Chapter 1-nar

Chapter 1

U.S. Federal Housing Administration

The National Housing Act of 1934 proposed a new plan to boost the depression economy and solve the housing shortage. Building a house involved the largest number of trades, apart from agriculture, and could potentially employ the largest number of workers.[1] The new American house was created to mobilize banks, workers and material suppliers for a profit-making project. The logistics of that project formed the template for new suburban development. The act set up the Federal Housing Administration which was to inspect and evaluate a project's eligibility for FHA insurance and would then insure the lending institution, not the homeowner, against the risk of default. Insurance premiums paid to the FHA would make it self-supporting, and for the home buyer, the long term low interest mortgage would make monthly payments that were often cheaper than rent. The FHA became the leader of a massive public and private cooperation in home-building, and the agency's promotional literature and technical bulletins from before and after the war very graphically trace how the idea of suburbia was reshaped from the template of banking structures and new home-building techniques and how not only home-building, but the entire idea of suburbia became a major U.S. industry.

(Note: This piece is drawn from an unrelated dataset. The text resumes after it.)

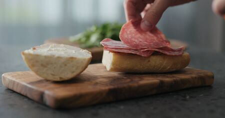 man put salami on ciabatta slice on olive board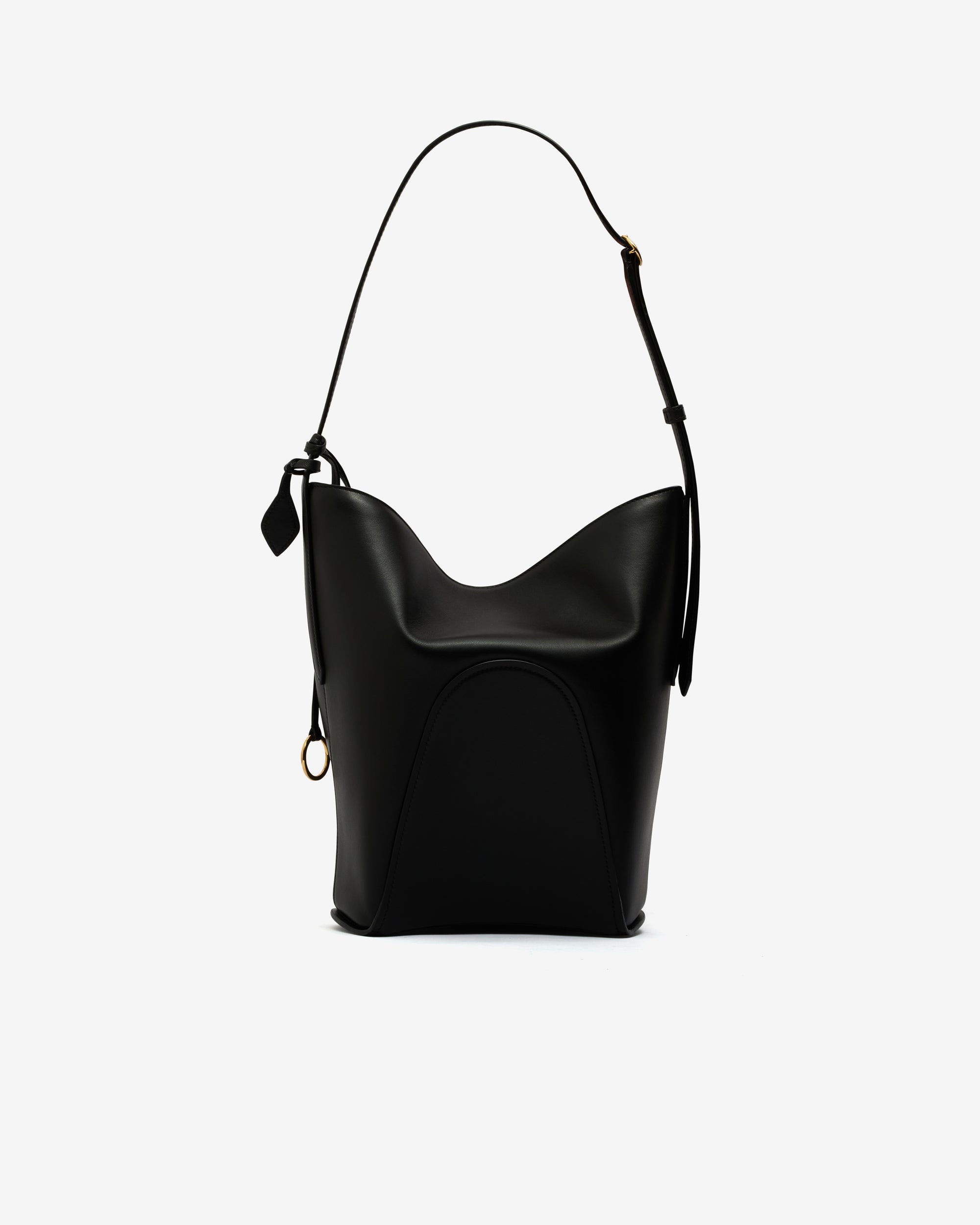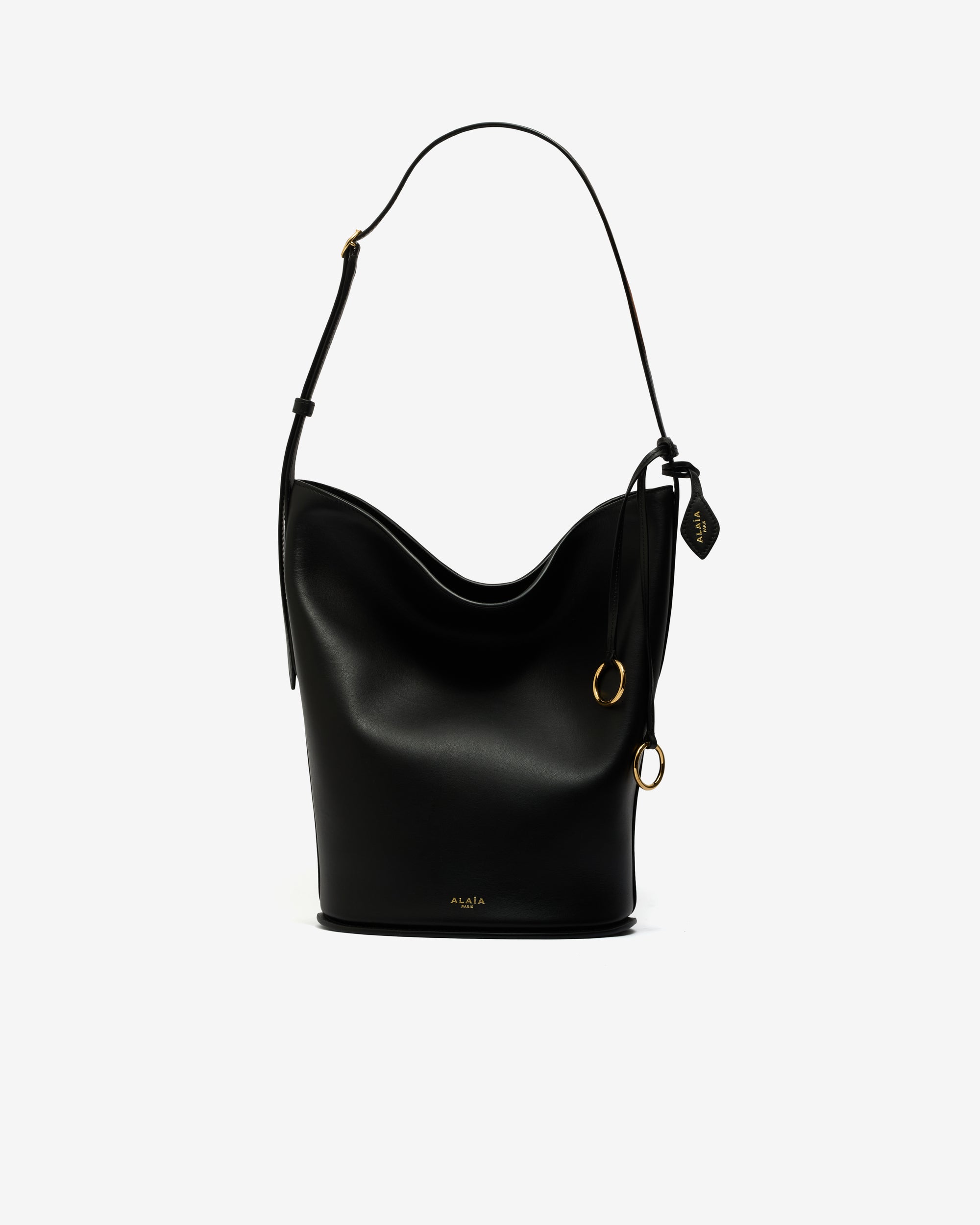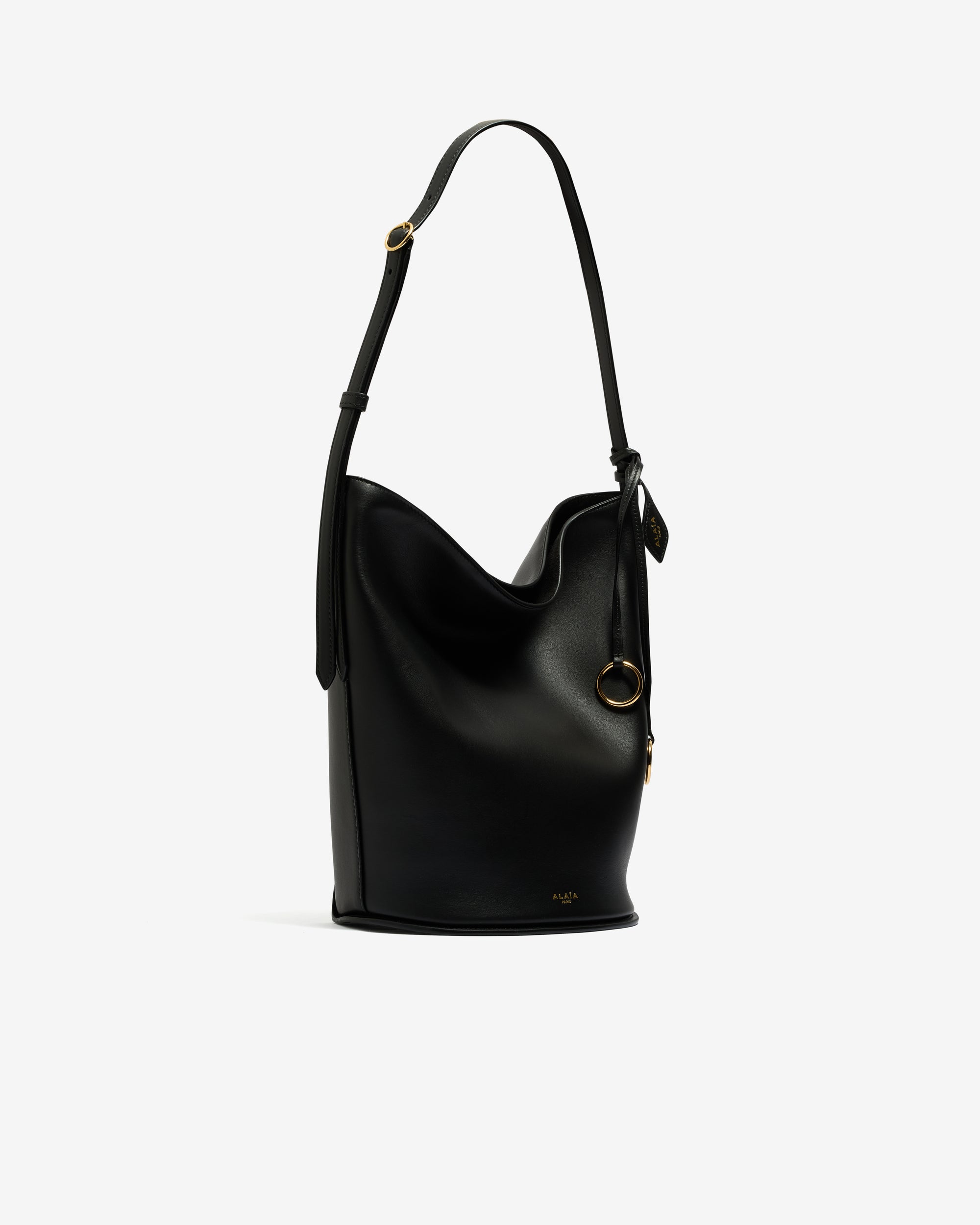 Small bucket bagAdjustable strapRing metal charms with ALAÏA tagSignature anatomical curved shape of the molded baseSmooth calfskin leatherDimensions (cm): L 20 X H 29 X D 11

The Better Homes Campaign was run like a cross between an ad campaign a "war bond drive."[2] Of the many FHA documents, a few in particular underscore the ways in which the government deputized the financial, real estate, and home building industries. The earliest NHA documents were promotional brochures aimed at architects, contractors, building suppliers, property owners, merchants, manufacturers, advertising agencies, and publishers in an attempt to both disseminate information and drum up enthusiasm. The copy for each of the bulletins is written with punchy boosterism illustrated with pictures of parades and the posters, buttons, car cards and brochures that could be purchased from the government to kick off a local campaign. Magazines, women's organizations, newspaper and exhibitions were brought into the act. In 1934 as part of this massive publicity campaign, "4,000 communities were organized, 3 million door-to-door canvass calls were made. More than a thousand newspaper carried better-housing sections." [3] The frontispiece for one of these promotional pamphlet, a cartoon showing Uncle Sam ushering industry representatives to a hill top entitled "Better Housing Program," demonstrates the main thrust of the campaign. The building trades, auto industry, advertising, clothing and furniture representatives are joined by those from banking and insurance as Uncle Sam gleefully gestures to a castle on the hill top, and the caption reads, "Thar's gold in them thar hills!"[4]


[1] U.S. F.H.A. Bulletin for Manufacturers Advertising Agencies and Publishers (Washington, D.C.: U.S. Government Printing Office, 1934), 5.

[2] U.S. F.H.A. The FHA Story in Summary: 1934-1959 (Washington, D.C.: U.S. Government Printing Office, 1959), 9.

[3] Ibid.

[4] U.S. F.H.A. Bulletin for Manufacturers Advertising Agencies and Publishers, 3.